It is a strange quote to pull out as Amber also CLEARLY states her priority was to look after the boy.

I'd also be angry that there may be repercussions from the friends who clearly dont understand what happened and seem a bit reactionary. If they go further than hate mail are we to let them off with "they're young and just making a mistake". Its a bit of a holier than thou stand point - but you are entitled to your view.

Who knows - perhaps a dog/fox/cat ran out and the avoiding action was potentially tragic. We dont know. 


LB - I would certainly mention the hate mail to the police asap.

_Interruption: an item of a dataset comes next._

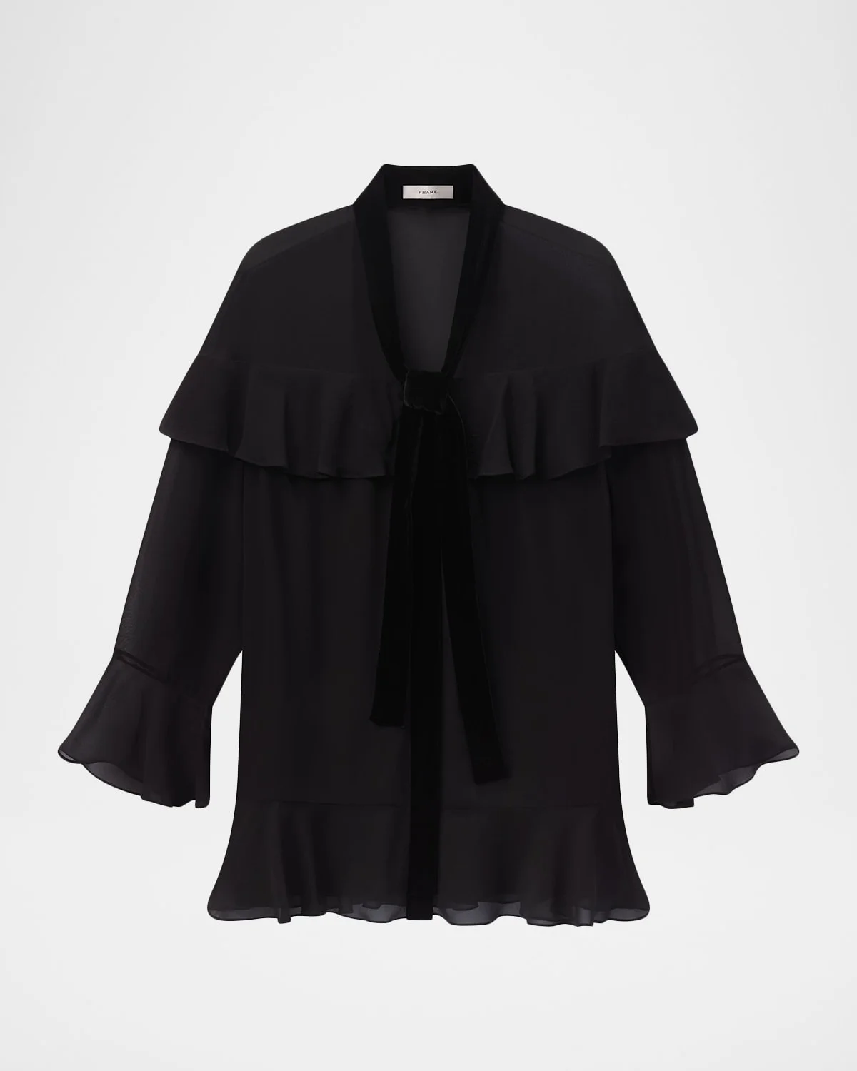 Crafted from luxurious silk, this FRAME mini dress is adorned with a velvet tie and delicate ruffles for a feminine silhouette. V neckline Long bell sleeves Loose silhouette Hem falls above the knee Slipover style Silk/rayon/spandex Dry clean Imported

Very sorry to hear this news.
If you still have the car around Id start taking bits out of it - cos I believe the insurance take the car as it is picked up. If the valuation is ridiculous you might not want to get it back compared to starting again. Im sure I read somewhere that even the aftermarket audio and any CDs etc. If fact anything in the car, is theirs on a write off.
If Im wrong Im sure Ill be corrected.


EvolutionVI - I think you've made you point and it will be best to leave it at that. If you want to respond to my views please PM me rather than us continue in this thread.


----------



## Ladyboom (Oct 22, 2009)

EvolutionVI said:


> but i find it hard to write "but i cant help feeling EXTREAMLY angry with him to the point that i dont really care about him that much"....:nervous:


Evolution- if your're going to quote me on something- then please quote me on the full sentence i had stated and not half the story to suit your intended reply

but i cant help feeling EXTREAMLY angry with him to the point that i dont really care about him that much *which is bad*.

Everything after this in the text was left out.